OUC testimony and oversight documents submitted to the Council show improved call-answer times after recent hiring and recruitment efforts, even as Washington handles some of the highest per-capita 911 volumes in the country.

Local reporting has detailed last year’s outages and staffing strains, including an infant’s death tied to an unanswered 911 call, which supporters cited as a grim example of why they believe statutory changes are needed.

What Happens Next

Both measures received a public airing on March 18 before the Judiciary & Public Safety Committee and now sit in committee while members work through potential markups and amendments.

Sponsors and witnesses are expected to stay involved as the committee digests fiscal impact statements, implementation timelines and the training schedules that would come with new certification mandates.

If the medical oversight bill clears the Council and is signed by the mayor, it would take effect after mayoral approval and a 30-day congressional review period, as laid out in the proposed text.

Legal Implications

Beyond training and funding streams, the medical oversight bill would reshuffle who has statutory authority over clinical dispatch protocols and layer in new reporting and audit requirements for the 911 fund.
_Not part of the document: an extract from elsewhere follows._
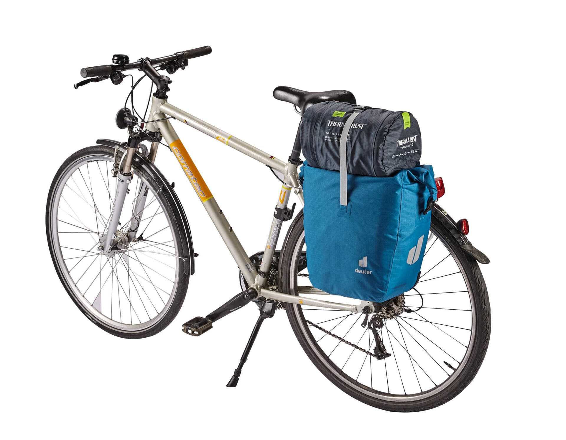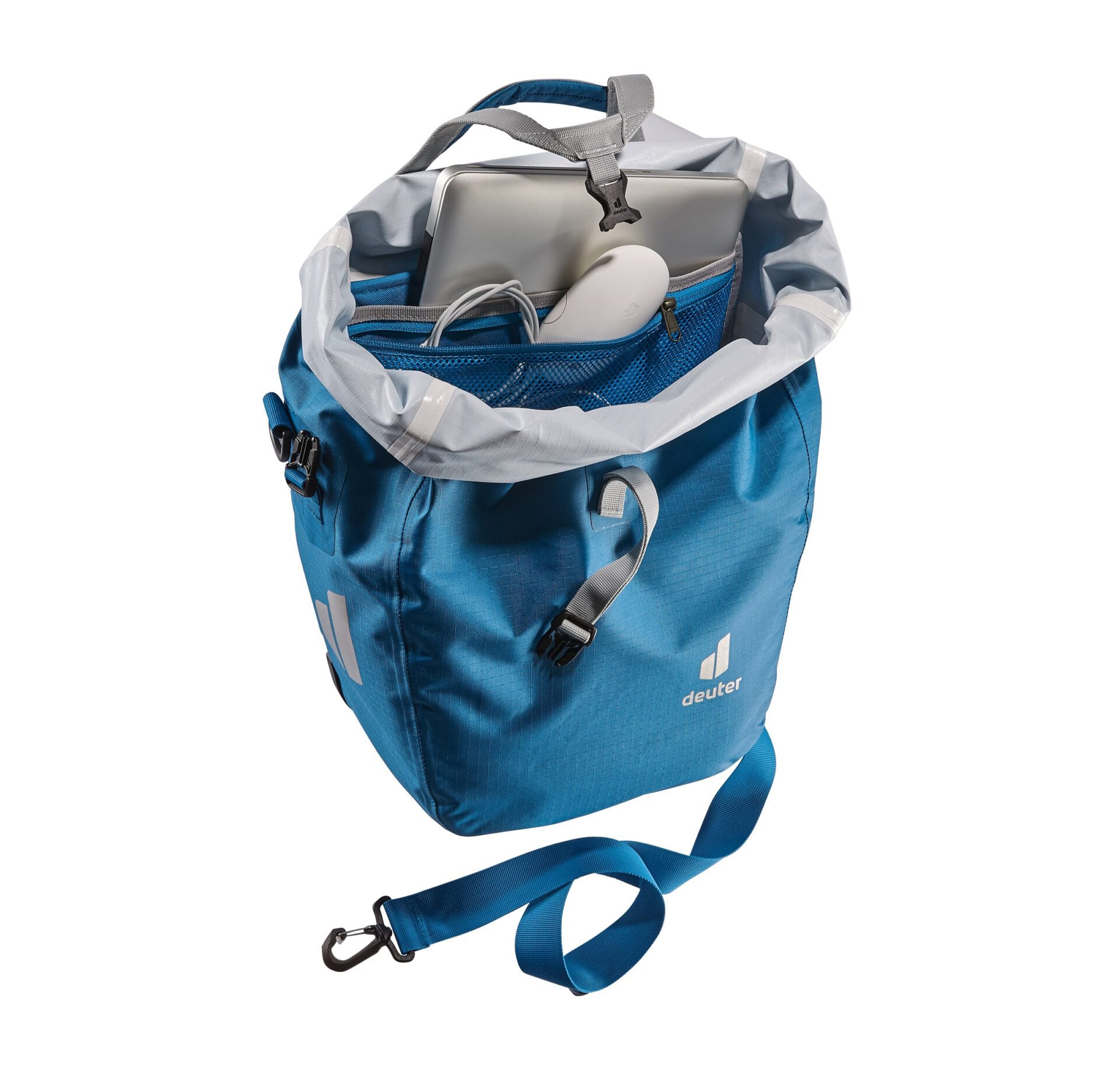 Deuter Weybridge 25+5 — водонепроницаемый кофр защищает такие вещи, как снаряжение для спорта и отдыха или дорожный багаж, от дорожных брызг и дождя. Закручивающаяся крышка с двусторонней молнией позволяет увеличить объем на 5 литров. Недавно разработанная компанией Deuter быстросъемная система BagFix позволяет вам спокойно крутить педали, при этом основная нагрузка приходится на велосипед, а на спине ничего нет. Быстро потяните за ручку, и сумка отсоединена и готова к использованию в качестве сумки через плечо. А благодаря съемному плечевому ремню и регулируемой ручке для захвата/застегивающемуся ремню, который служит ремнем для снаряжения, чтобы прикрепить спальный коврик или куртку, а также встроенному органайзеру, возможности этой сумки просто безграничны.

The CQI protections would limit how quality-improvement materials can be used in discipline, while giving Fire & EMS medical leadership clearer operational control over clinical standards.

Together, those provisions would create explicit legal hooks for oversight, auditing and certification that OUC and its partner agencies would have to build into everyday practice. The formal bill introductions on the Council’s legislative pages spell out the precise statutory edits and fiscal mechanics.

For once, there was not much argument about the goal. Lawmakers, advocates and 911 workers largely agreed that they want a faster, more accurate system when residents dial for help. The debates now revolve around how quickly the city can get there and how much it is willing to spend.